▶ DATA SHOWN:
----
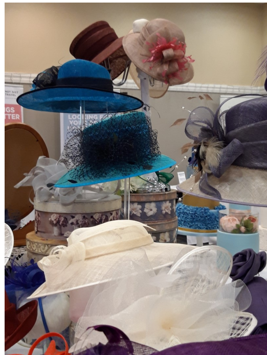
Across left: Debut scarlet medium hatinator SKU: 0619 03

Hi Hat Trix, I have received the hatinator today. It is so beautiful, absolutely perfect match to my mother-of-the-bride outfit. Many thanks for the fast delivery too."
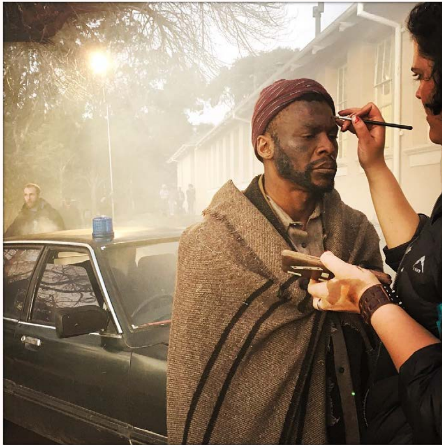
"On set at 'Five Fingers for Marseilles', an original South African Western"

"America in Africa, Africa in America: Ties that Bind or Blind"
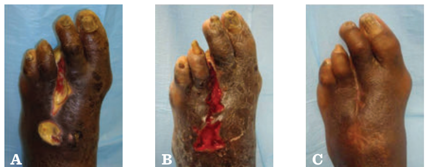
FIGURE 3 Progression of a diabetic foot ulcer from necrotic wound base (A), to surgical debridement (B), to complete healing (C).

Surgical debridement is arguably the most common and varied type of debridement (Figure 3). A myriad of instrumentation and adjuncts are used to physically excise non-viable tissue from the wound bed, either at the bedside, in the clinic, or in an operating room. The surgeon will debride tissue to viability, as determined by tissue character and the presence of vascularity in healthy tissues, using any combination of instruments, such as rongeur, curette, blade, scissors, and forceps.
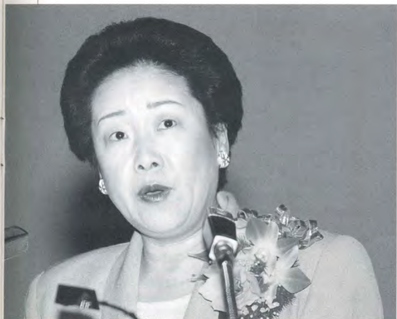
Seoul National University, October 5, 1993
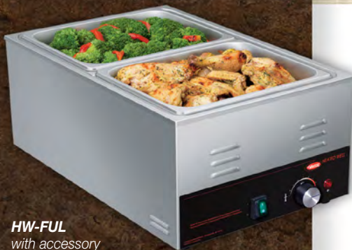
HW-FUL with accessory food pans and pan supports

Hatco Countertop Heated Wells hold food hot and fresh in either a wet or dry operation. The HW series are hold only, while the CHW series are capable of rethermalizing a variety of foods as well as holding (cook and hold). Both series offer a choice of two sizes in a rectangular unit.
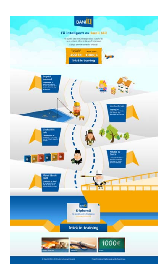
New training with Gamification - ww.BanilQ.ro
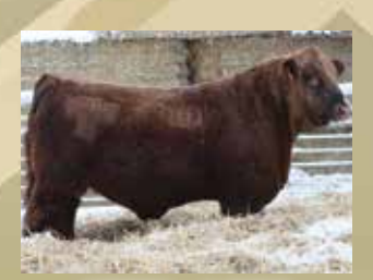
LFE RS Lewis 349C Son of Big Time 86A
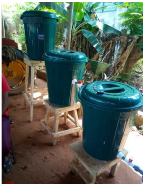
Plate 1: Raw water sedimentation tanks

The sedimentation tank consists of cylindrical plastic container with equal dimensions as that of raw water tank. Here, the raw water is allowed to settle for some minutes. The sedimentation tank was built to allow the upward flow of the settled water.
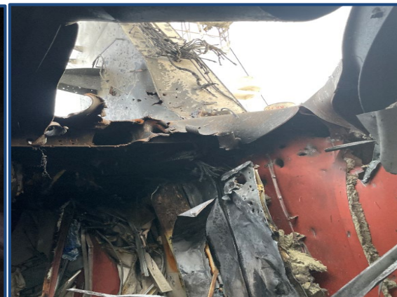
(U) Internal View of Iranian UAV Impact Site
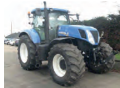
2012 New Holland T7.250 Power Cmd, c/w front linkage, PTO, sidewinder, 50kph £46,000 RL
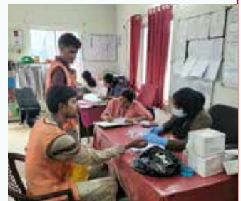
Asset Majestic - Thrissur
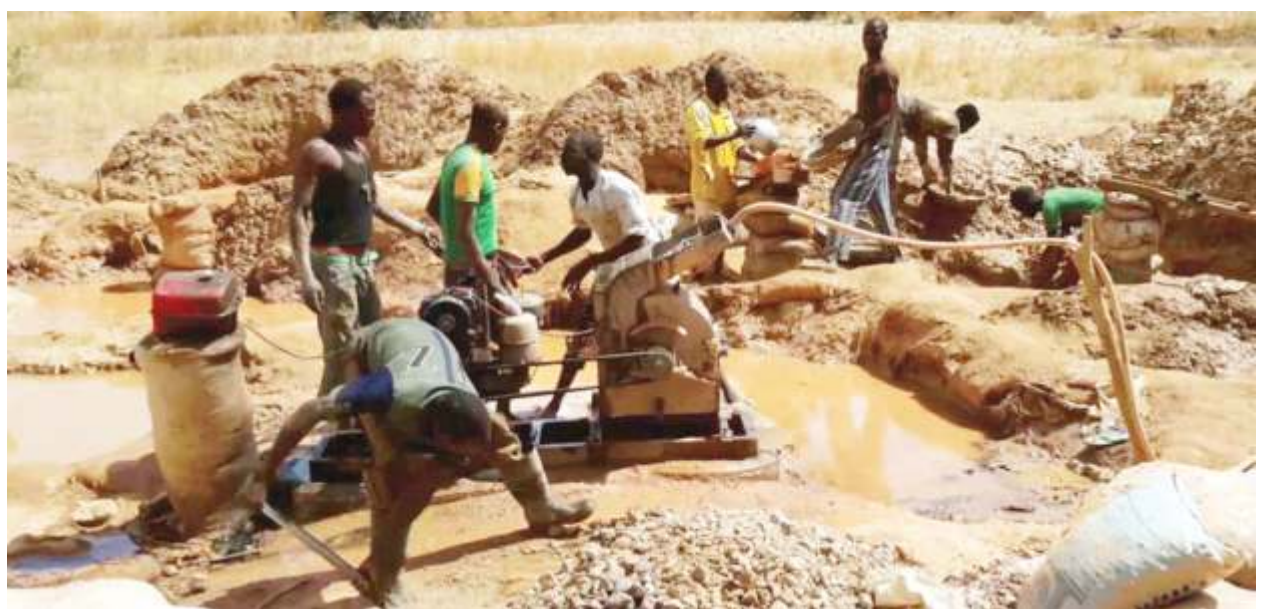
Miners at work

n its determination to boost production in the economy and create jobs for the teeming population, the Central Bank of Nigeria (CBN) is geared to develop a Gold Purchase Framework under the Federal Government's Presidential Artisanal Gold Mining Development Initiative.
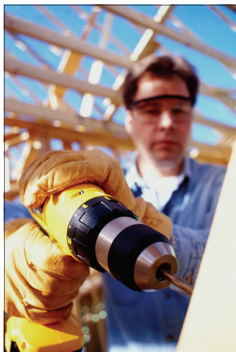
Power tool use wearing PPE

Lumber and tools can fall from elevated surfaces or due to poor storage. Or employees can be struck when materials are being moved.
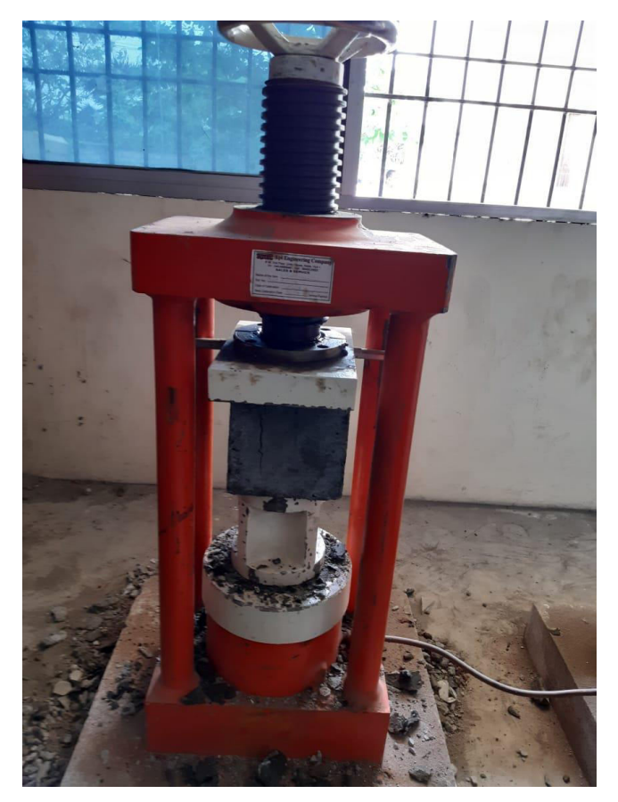
Fig. 2: Compressive strength testing machine.

These specimens are tested by compression testing machine after 7, 14, 28 days curing curing. Load should be applied gradually at the rate of 140 kg/cm2 per minute till the specimens fails. Load at the failure divided by area of specimen gives the compressive strength of concrete.
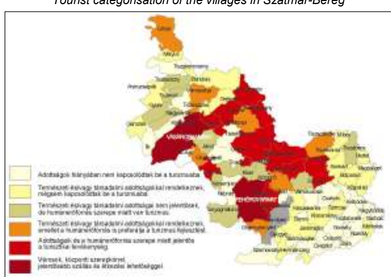
Tourist categorisation of the villages in Szatmar-Bereg

The most significant one is human resources. The database used can be found in the appendices of the dissertation; personal knowledge, experiences and interviews have modified the results drawn from statistical data; therefore being biased could not be avoided. After summarising all the information I have devised six basic types of villages/settlements:
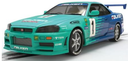
C4678 Nissan R34 GT-R #1 Falken Tyres
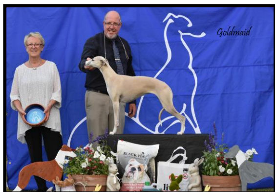
Best Intermediate in Show
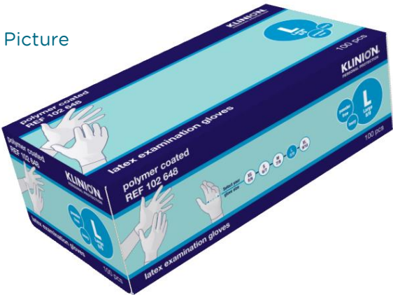
Ref. product 102648
----
▶ EXERCISE: Take the material above from the line containing "The sedimentation tank consists" up to and including the line containing "Miners at work" and retype it exactly, without any pictures.

▶ OUTPUT OF THE EXERCISE:
The sedimentation tank consists of cylindrical plastic container with equal dimensions as that of raw water tank. Here, the raw water is allowed to settle for some minutes. The sedimentation tank was built to allow the upward flow of the settled water.
(U) Internal View of Iranian UAV Impact Site
2012 New Holland T7.250 Power Cmd, c/w front linkage, PTO, sidewinder, 50kph £46,000 RL
Asset Majestic - Thrissur
Miners at work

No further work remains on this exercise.